A few minutes later, I’m finally finished. Everything I’ve wanted to say for years, condensed into nineteen lines. It isn’t perfect, but in the years I’ve spent writing professionally, it’s the most important thing I’ve ever penned.
Just as I move to stand, the creak of a wooden plank startles me. All plans for looking cool and collected flee in an instant, and my heart pounds like I’ve spent every second of the last twenty-four years sprinting toward a finish line and only just now made it across.
Shaye. She’s standing in front of me.
As usual, her chestnut hair with its stubborn strand falls across her forehead. Her long arms wrap around her midsection like a shield, protecting her from a hard hit to the side or the memories of this place currently coming at her so powerfully I can almost see them knocking against her mind, her heart, her body. Despite the fear in her eyes, she walks closer and gives me a small smile.
“The babysitter was late.
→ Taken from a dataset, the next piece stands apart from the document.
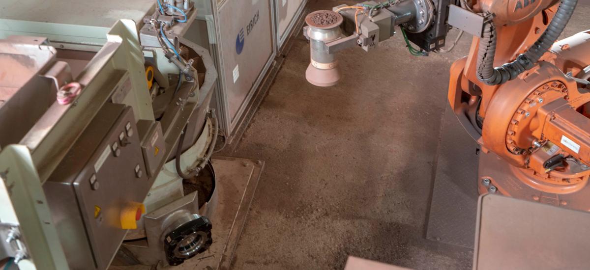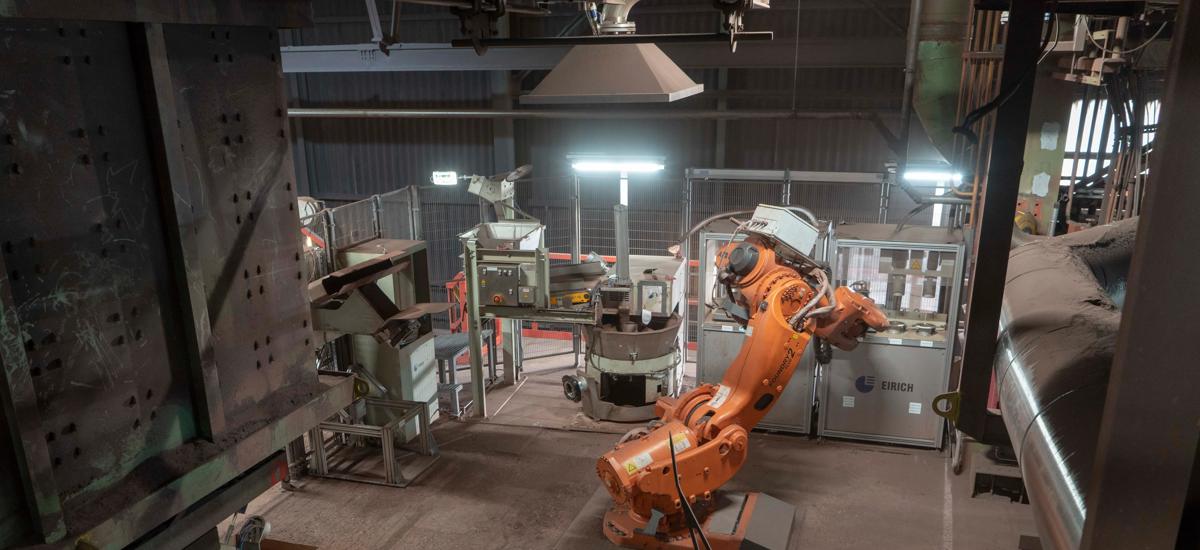 To take a representative sample, the robot first picks up a vessel from a tool-changing system and holds it into the material stream for filling. Then the material is fed into a rotary divider to fill several cups with screen bottoms. These cups are transferred to measuring stations where the raw mix is first weighed to calculate bulk density and then tested for gas permeability and moisture. Air is drawn through the cups to obtain the necessary values of pressure drop and volume-flow rate for permeability. Additional measuring stations can be easily added, and an operator can request additional sample cups for outside laboratory testing to be put onto the turntable of a security gate.

Have you been waiting here long?”
“Not too long,” I lie. “I’ve been working, so I barely noticed how late it is.” The lies explode off my tongue like pop-rocks, but they can’t be helped.
My night is made.
Maybe my entire life.
Slowly, she lowers herself beside me and takes a deep breath. “I can’t believe we’re back here.”
Her gaze is fixed on the water, and right then the years melt away. The scene is so familiar I begin to ache. The last time we were
here
, she slept on my lap until sunrise. A couple hours later she was out of my life for the next four years. It took forever to find her, and in no time I lost her again. In my lifetime, I’ve been without Shaye longer than I’ve been with her. Those statistics don’t add up to a number I like. I’m changing that today.